**DIRECTIONS FOR THIS TASK**
Ignoring the pictures, repeat every entry below exactly as it appears.

<<<<

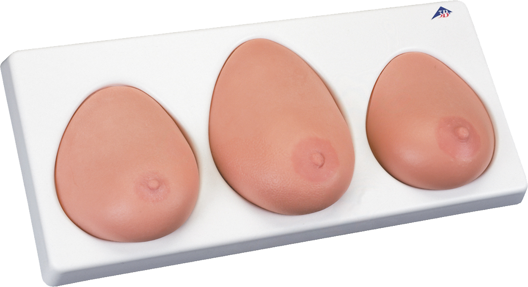 Moulages grandeur nature et extrêmement réalistes de trois seins féminins différents (tailles moyenne et grande) pour l'enseignement des techniques de dépistage et l'information et la prévention des patientes.
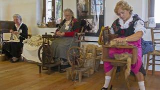 The visitor finds a lively house with its environments: the kitchen, the rooms, the cellar, the granary, the farmyard, the workroom and people performing various tasks with ancient tools: the basket maker (zeâr), the blacksmith (fari), the miller (mulinâr), the grinder (gue), the woman spinning wool (filandere) and the lace makers.
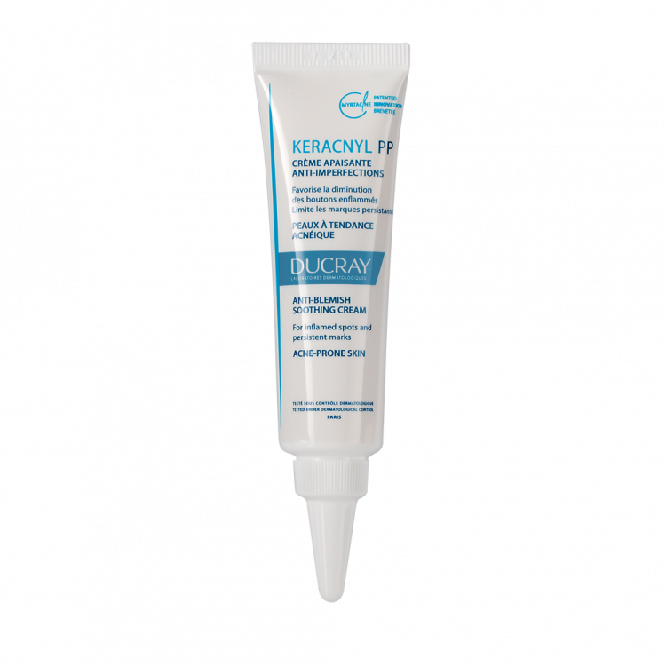 Keracnyl MAT hidrata e matifica a pele mista a oleosa, neutralizando o brilho de forma imediata e duradoura e fechando os poros. A sua fórmula contém pós matificantes que ajudam a manter um efeito matificado duradouro até 12 horas. Ajuda a encerrar os poros e alisa a textura da pele, tornando-a mais uniforme. No estudo clínico realizado a satisfação quanto à pele matificada foi de 98%, enquanto que da uniformização do grão da pele de 98%. Este estudo compreendeu pessoas entre os 15 e 45 anos que utilizaram este cuidado durante 28 dias. Não comedogénico. Substâncias ativas: Pós matificantes, X-pressin e Monolaurina.
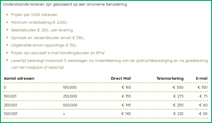 Tot voor kort kon je bij Mint MarketingZo ziet de pagina bij Mint Marketing er nu uit ook een prijslijst vinden. Een huisadres van een voetballer kost ongeveer 15 cent, een telefoonnummer gaat vanaf 22,5 cent, en als je veel e-mailadressen tegelijkertijd koopt dan heb je die al voor 5 cent per stuk:
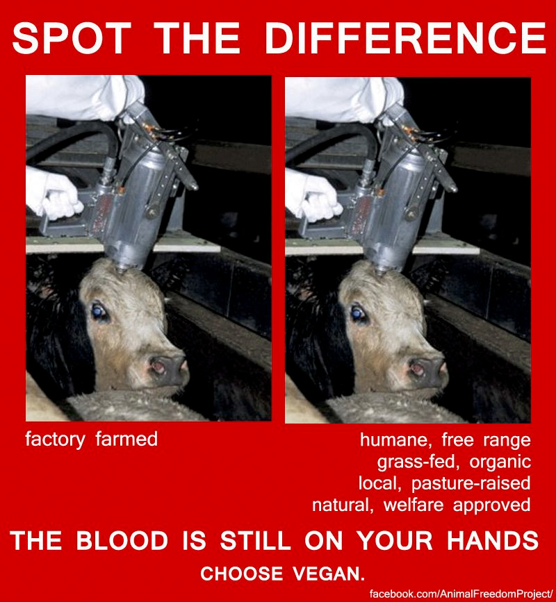 Das Gemeinsame: Das Blut tropft immer von Ihren Händen, gleichgültig welches Fleisch, welche Milch und welche Eier Sie kaufen und mit welchem Fleisch Sie Ihre Haustiere füttern.
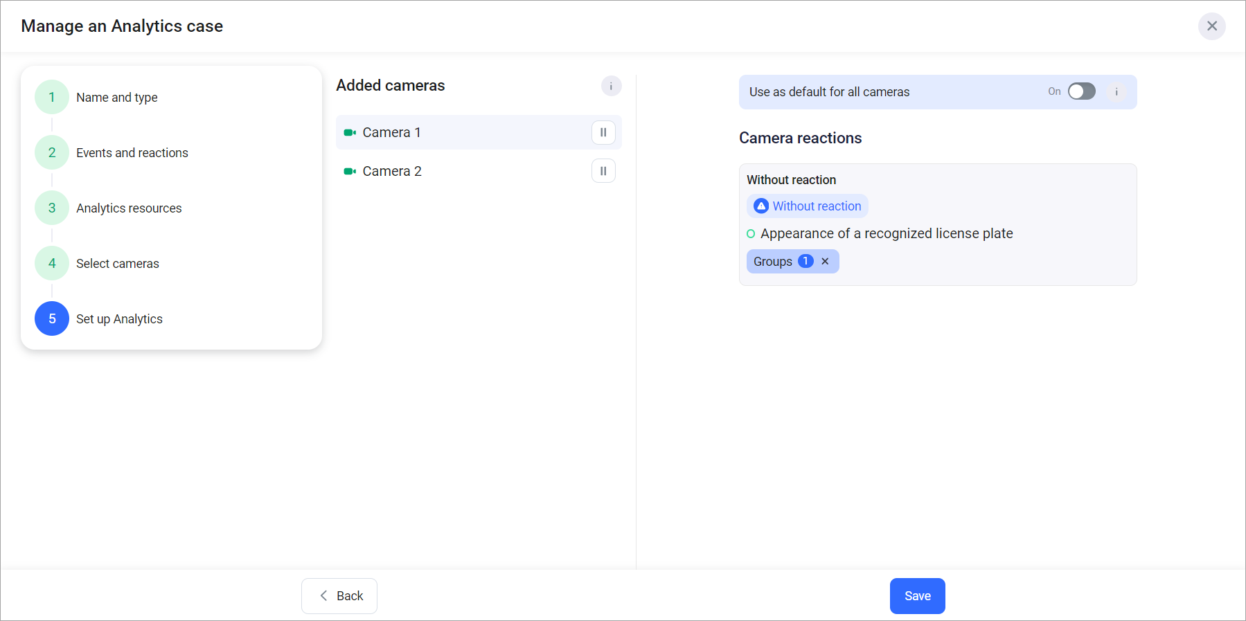 The following details are available for each camera added to the case:

>>>>

**EXERCISE RESPONSE**
 Moulages grandeur nature et extrêmement réalistes de trois seins féminins différents (tailles moyenne et grande) pour l'enseignement des techniques de dépistage et l'information et la prévention des patientes.
 The visitor finds a lively house with its environments: the kitchen, the rooms, the cellar, the granary, the farmyard, the workroom and people performing various tasks with ancient tools: the basket maker (zeâr), the blacksmith (fari), the miller (mulinâr), the grinder (gue), the woman spinning wool (filandere) and the lace makers.
 Keracnyl MAT hidrata e matifica a pele mista a oleosa, neutralizando o brilho de forma imediata e duradoura e fechando os poros. A sua fórmula contém pós matificantes que ajudam a manter um efeito matificado duradouro até 12 horas. Ajuda a encerrar os poros e alisa a textura da pele, tornando-a mais uniforme. No estudo clínico realizado a satisfação quanto à pele matificada foi de 98%, enquanto que da uniformização do grão da pele de 98%. Este estudo compreendeu pessoas entre os 15 e 45 anos que utilizaram este cuidado durante 28 dias. Não comedogénico. Substâncias ativas: Pós matificantes, X-pressin e Monolaurina.
 Tot voor kort kon je bij Mint MarketingZo ziet de pagina bij Mint Marketing er nu uit ook een prijslijst vinden. Een huisadres van een voetballer kost ongeveer 15 cent, een telefoonnummer gaat vanaf 22,5 cent, en als je veel e-mailadressen tegelijkertijd koopt dan heb je die al voor 5 cent per stuk:
 Das Gemeinsame: Das Blut tropft immer von Ihren Händen, gleichgültig welches Fleisch, welche Milch und welche Eier Sie kaufen und mit welchem Fleisch Sie Ihre Haustiere füttern.
 The following details are available for each camera added to the case:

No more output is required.